-- ASSIGNED TASK --
Your copy should begin with the line containing "Die DC Comics", end with the line containing "5月27日,商悅傳媒與浙江上功閥門有限公司簽訂營銷型網站建設合同。", match the listing below exactly, and contain no pictures.
··· SUPPLIED DATA ···
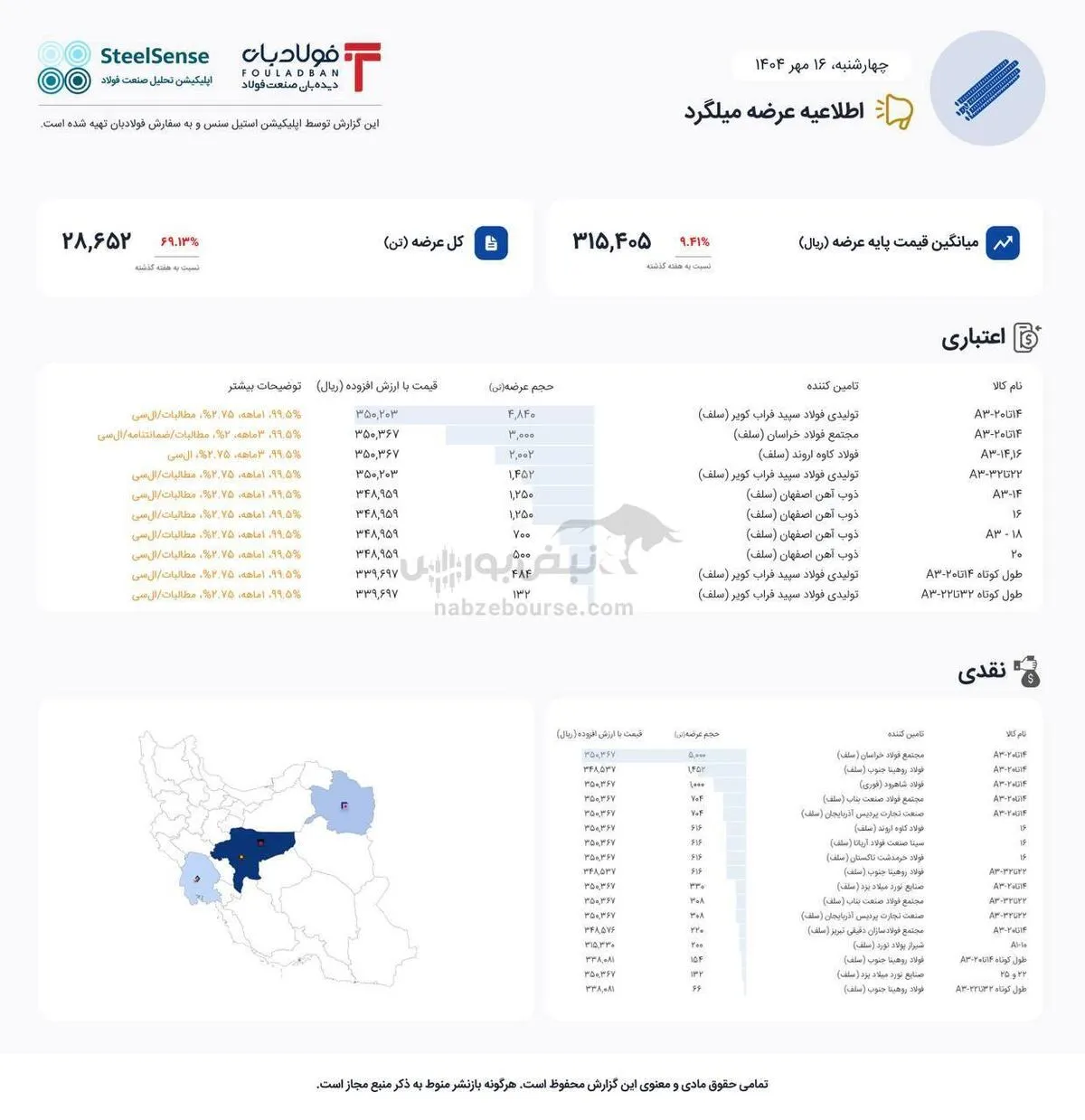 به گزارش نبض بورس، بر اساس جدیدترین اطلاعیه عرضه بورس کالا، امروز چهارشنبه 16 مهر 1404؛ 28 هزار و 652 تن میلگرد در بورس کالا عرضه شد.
···
··· SUPPLIED DATA ···
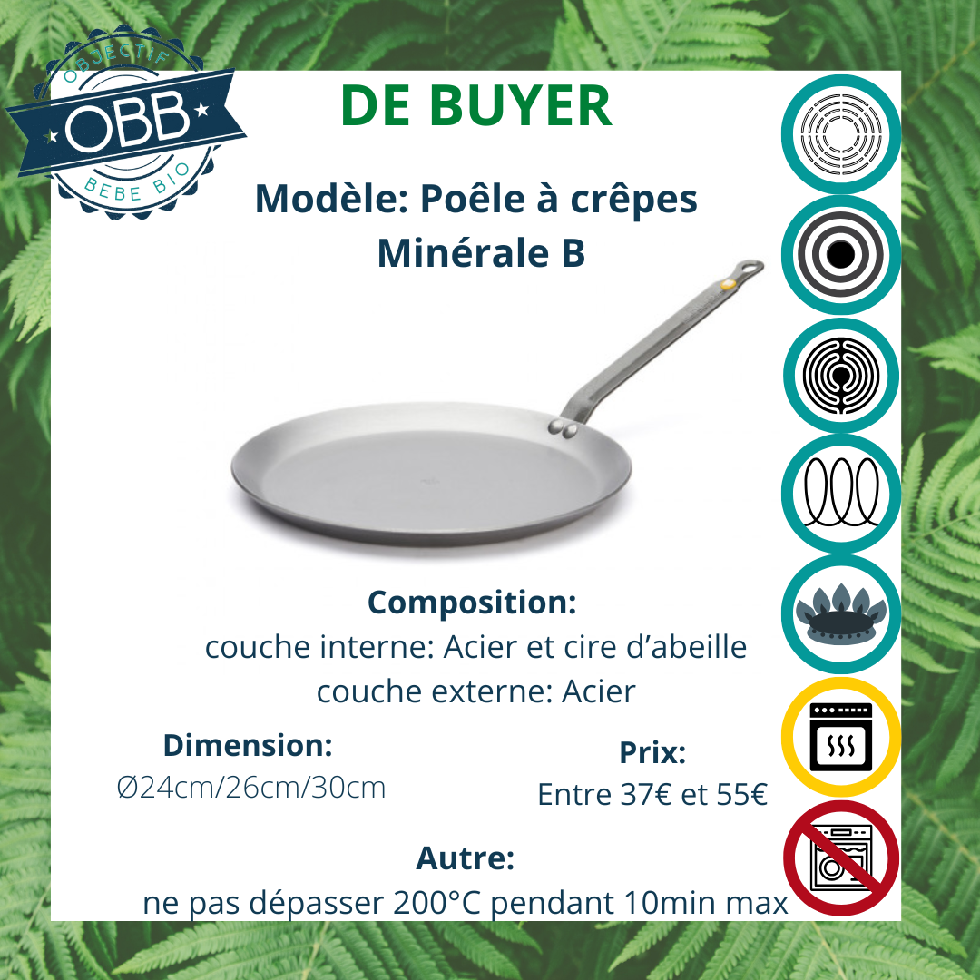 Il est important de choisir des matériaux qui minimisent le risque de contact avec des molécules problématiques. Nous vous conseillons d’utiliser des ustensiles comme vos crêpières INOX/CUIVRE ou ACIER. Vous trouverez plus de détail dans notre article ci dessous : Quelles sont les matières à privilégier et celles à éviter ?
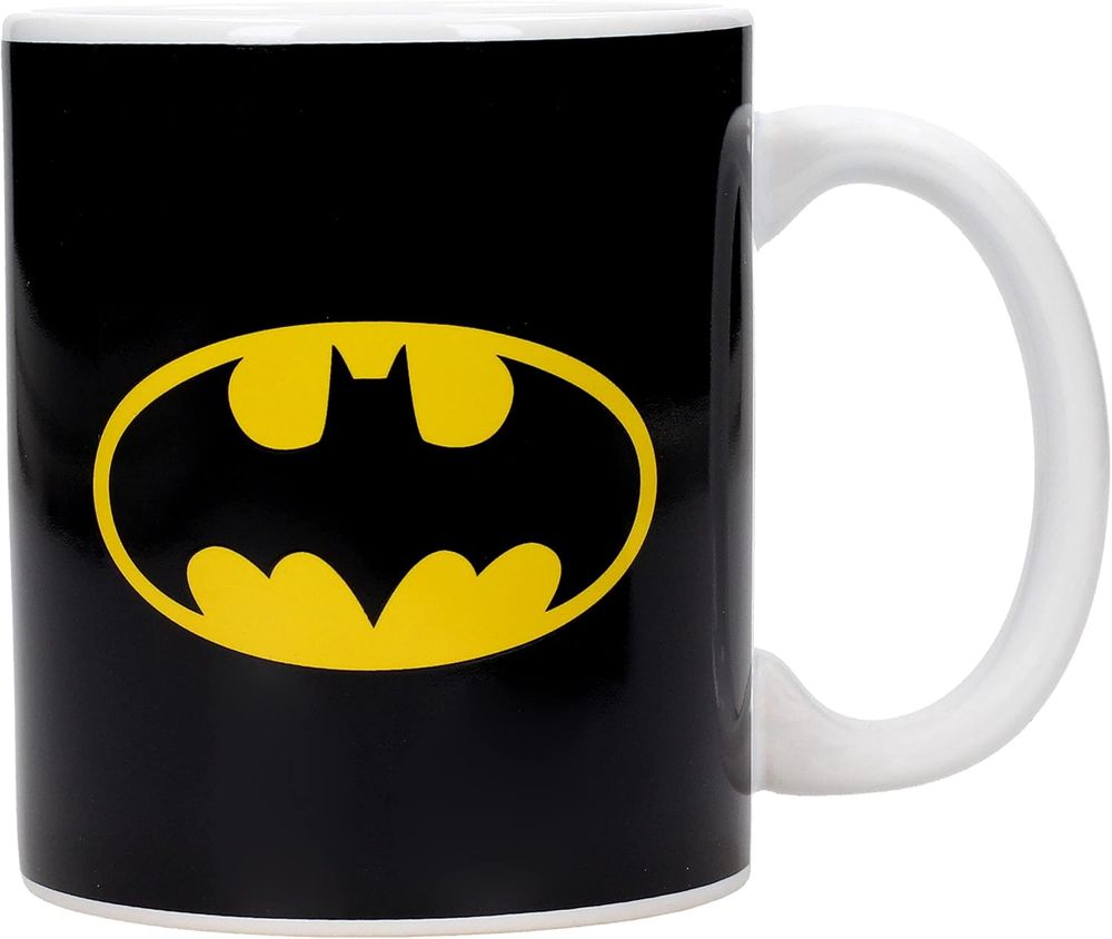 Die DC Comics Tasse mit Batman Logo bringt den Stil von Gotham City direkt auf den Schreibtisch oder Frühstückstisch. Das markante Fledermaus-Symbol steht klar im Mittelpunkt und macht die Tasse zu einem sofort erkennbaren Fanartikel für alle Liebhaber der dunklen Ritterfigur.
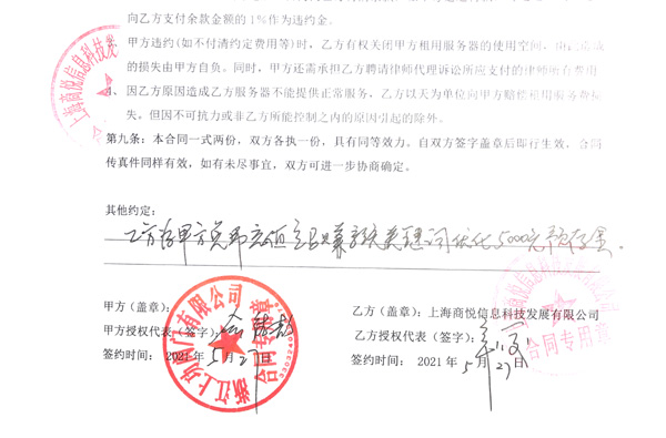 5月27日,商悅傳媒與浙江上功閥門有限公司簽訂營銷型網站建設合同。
···
-- RESULT OF THIS TASK --
 Die DC Comics Tasse mit Batman Logo bringt den Stil von Gotham City direkt auf den Schreibtisch oder Frühstückstisch. Das markante Fledermaus-Symbol steht klar im Mittelpunkt und macht die Tasse zu einem sofort erkennbaren Fanartikel für alle Liebhaber der dunklen Ritterfigur.
 5月27日,商悅傳媒與浙江上功閥門有限公司簽訂營銷型網站建設合同。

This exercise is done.